Write out exactly every line from the one containing "White Traditional Short" through the final line of the material below, both included. Pictures are to be skipped.

+ + + + +

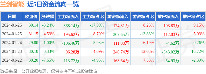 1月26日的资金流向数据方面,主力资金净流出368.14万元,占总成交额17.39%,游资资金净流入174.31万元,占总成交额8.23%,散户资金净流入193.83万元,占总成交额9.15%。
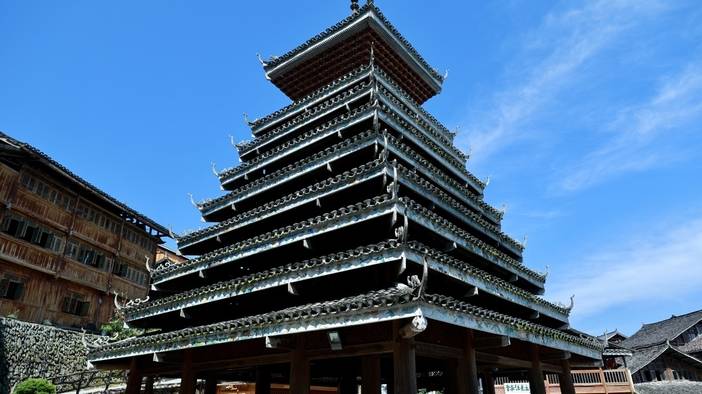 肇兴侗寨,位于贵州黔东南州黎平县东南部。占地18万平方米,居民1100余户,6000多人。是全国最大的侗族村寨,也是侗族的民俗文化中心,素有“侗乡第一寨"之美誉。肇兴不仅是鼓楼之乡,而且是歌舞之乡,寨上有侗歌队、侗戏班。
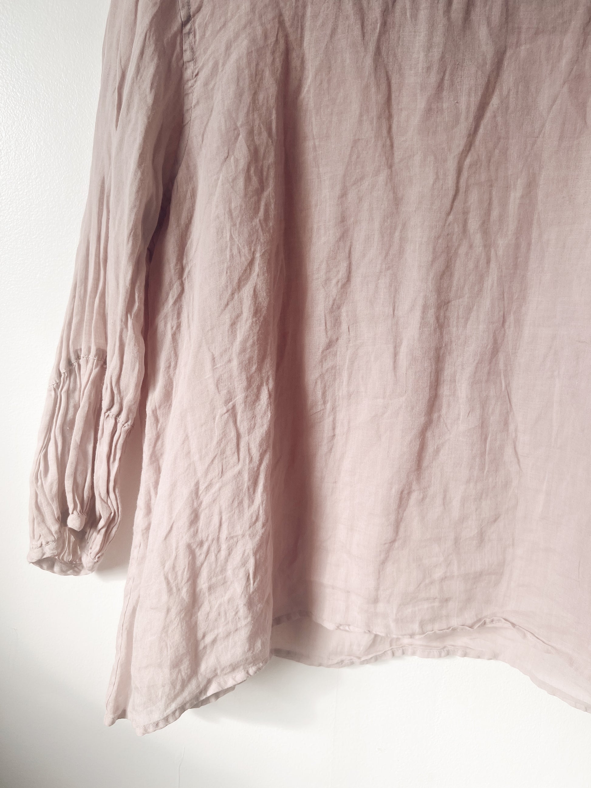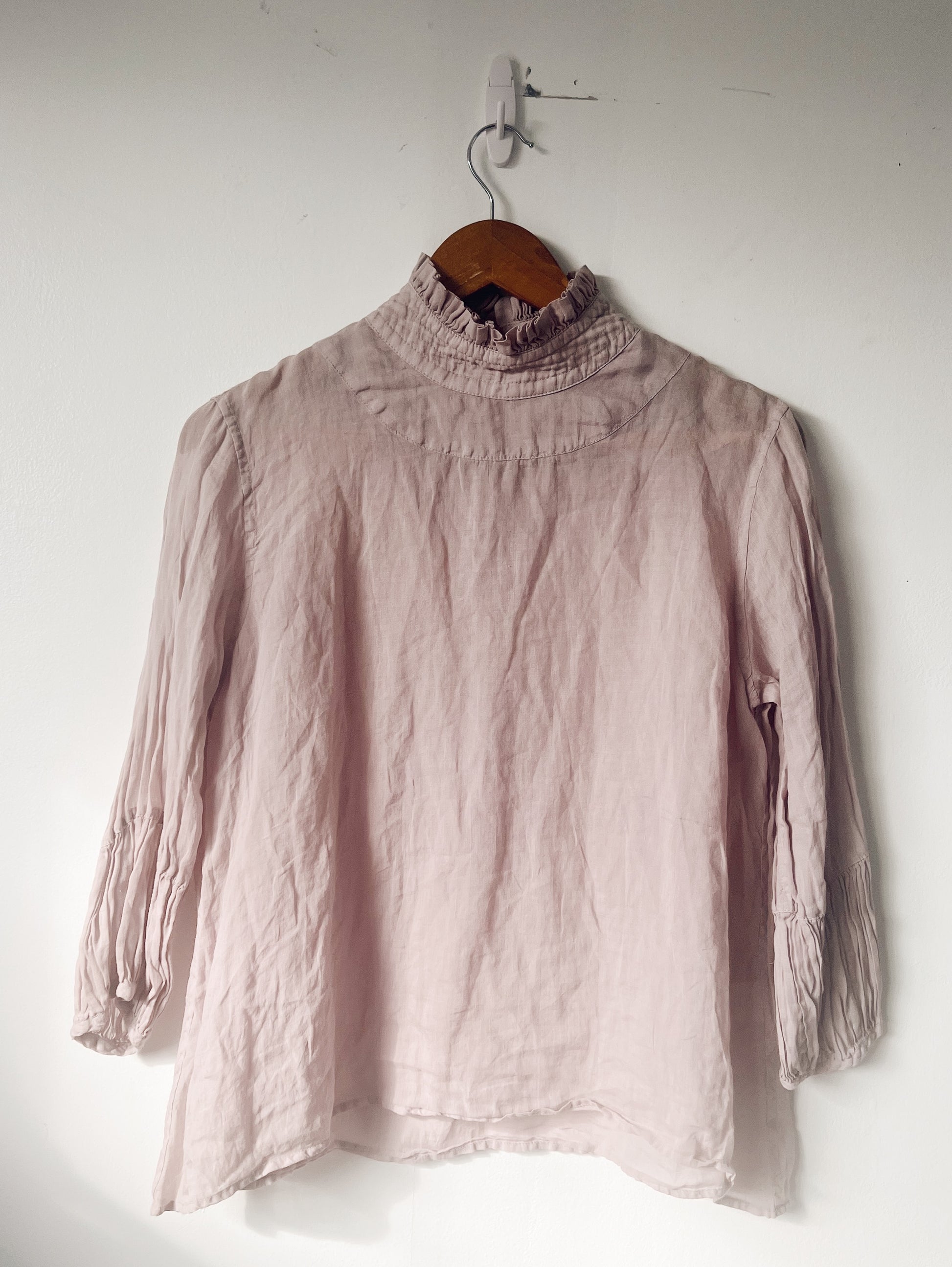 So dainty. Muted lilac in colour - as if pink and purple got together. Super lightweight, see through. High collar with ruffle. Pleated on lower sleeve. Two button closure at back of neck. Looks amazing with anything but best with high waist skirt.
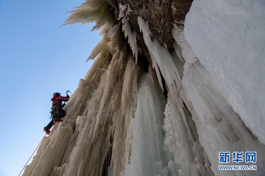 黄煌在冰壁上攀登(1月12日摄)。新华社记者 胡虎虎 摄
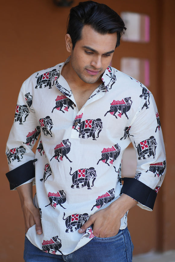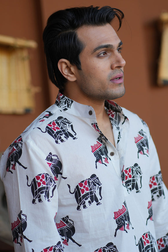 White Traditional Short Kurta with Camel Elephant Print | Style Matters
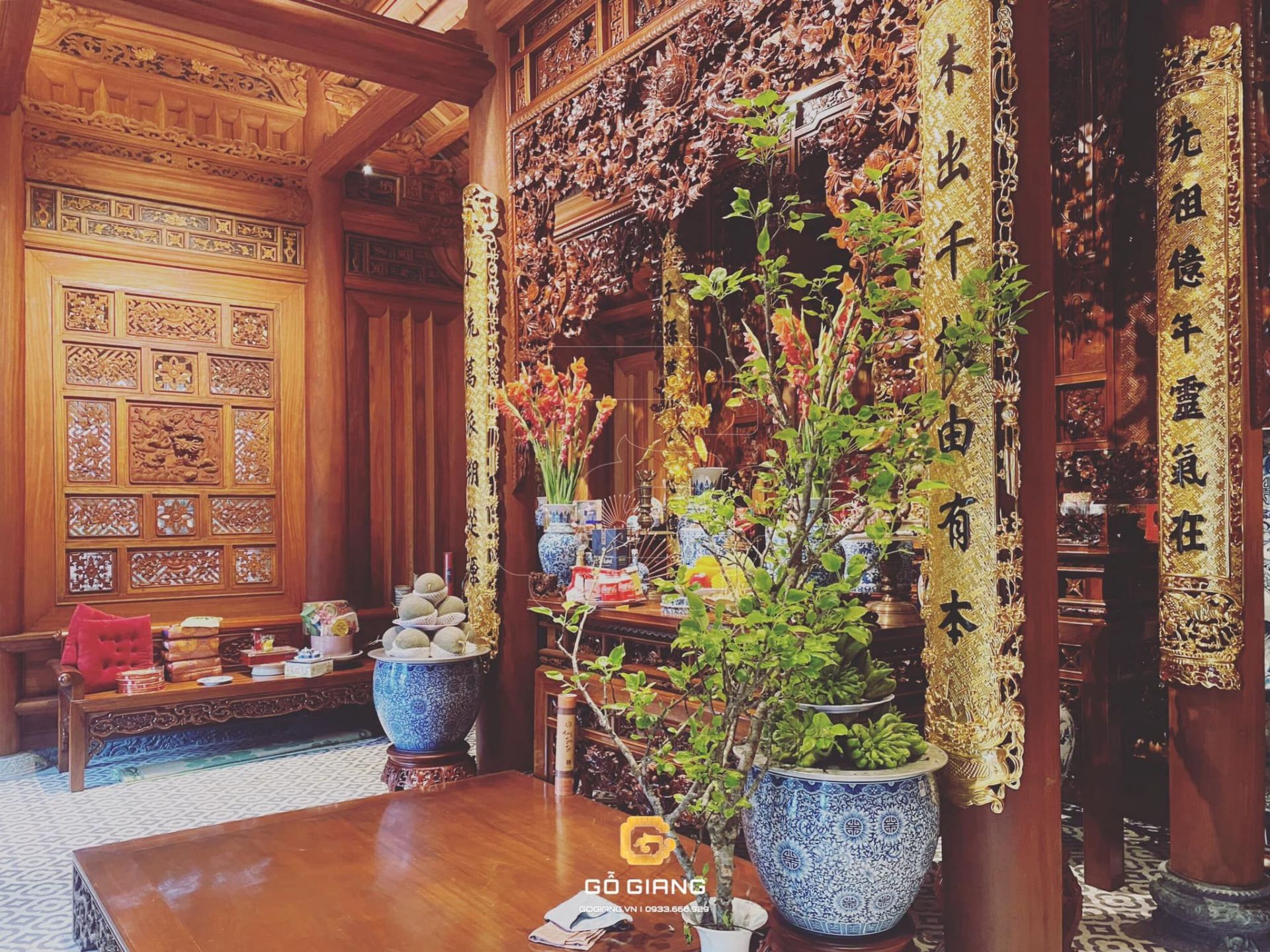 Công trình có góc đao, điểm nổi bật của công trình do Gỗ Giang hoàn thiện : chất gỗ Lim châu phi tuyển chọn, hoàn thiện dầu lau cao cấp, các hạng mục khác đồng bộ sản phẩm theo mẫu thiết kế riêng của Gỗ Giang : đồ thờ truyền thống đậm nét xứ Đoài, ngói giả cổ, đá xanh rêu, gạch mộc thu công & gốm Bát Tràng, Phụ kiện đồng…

+ + + + +

— Response area —
 White Traditional Short Kurta with Camel Elephant Print | Style Matters
 Công trình có góc đao, điểm nổi bật của công trình do Gỗ Giang hoàn thiện : chất gỗ Lim châu phi tuyển chọn, hoàn thiện dầu lau cao cấp, các hạng mục khác đồng bộ sản phẩm theo mẫu thiết kế riêng của Gỗ Giang : đồ thờ truyền thống đậm nét xứ Đoài, ngói giả cổ, đá xanh rêu, gạch mộc thu công & gốm Bát Tràng, Phụ kiện đồng…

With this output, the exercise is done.